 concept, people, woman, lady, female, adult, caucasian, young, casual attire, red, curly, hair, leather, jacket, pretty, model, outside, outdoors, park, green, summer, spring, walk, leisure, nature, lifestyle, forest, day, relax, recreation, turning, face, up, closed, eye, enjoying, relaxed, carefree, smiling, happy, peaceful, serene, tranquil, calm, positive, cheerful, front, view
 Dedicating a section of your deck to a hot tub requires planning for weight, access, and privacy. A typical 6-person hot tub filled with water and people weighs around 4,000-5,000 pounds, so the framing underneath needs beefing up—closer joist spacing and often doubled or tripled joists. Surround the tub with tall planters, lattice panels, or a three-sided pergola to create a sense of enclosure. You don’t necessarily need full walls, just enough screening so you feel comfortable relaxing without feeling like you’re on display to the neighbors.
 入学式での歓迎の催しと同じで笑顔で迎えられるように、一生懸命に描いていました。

...

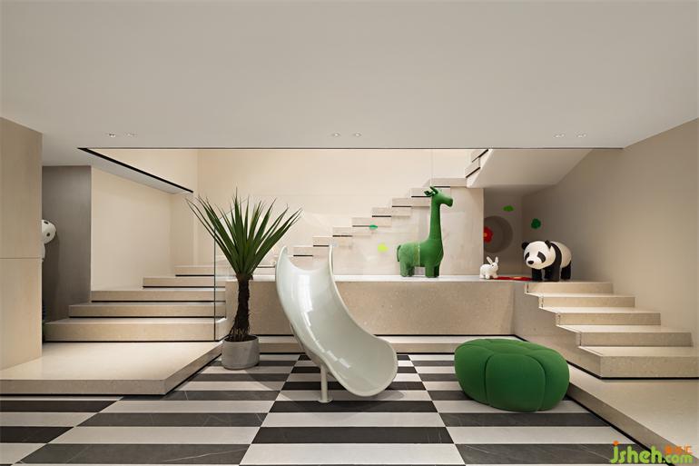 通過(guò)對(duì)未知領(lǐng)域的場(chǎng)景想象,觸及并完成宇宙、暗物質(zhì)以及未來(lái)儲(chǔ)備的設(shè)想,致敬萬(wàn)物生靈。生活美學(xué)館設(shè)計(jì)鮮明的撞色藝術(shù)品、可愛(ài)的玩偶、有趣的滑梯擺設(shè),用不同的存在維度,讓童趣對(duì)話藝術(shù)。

**PROBLEM**: Work out how many lines in the material above hold the word "people"; answer with the number only.

**RESULT BELOW**: 2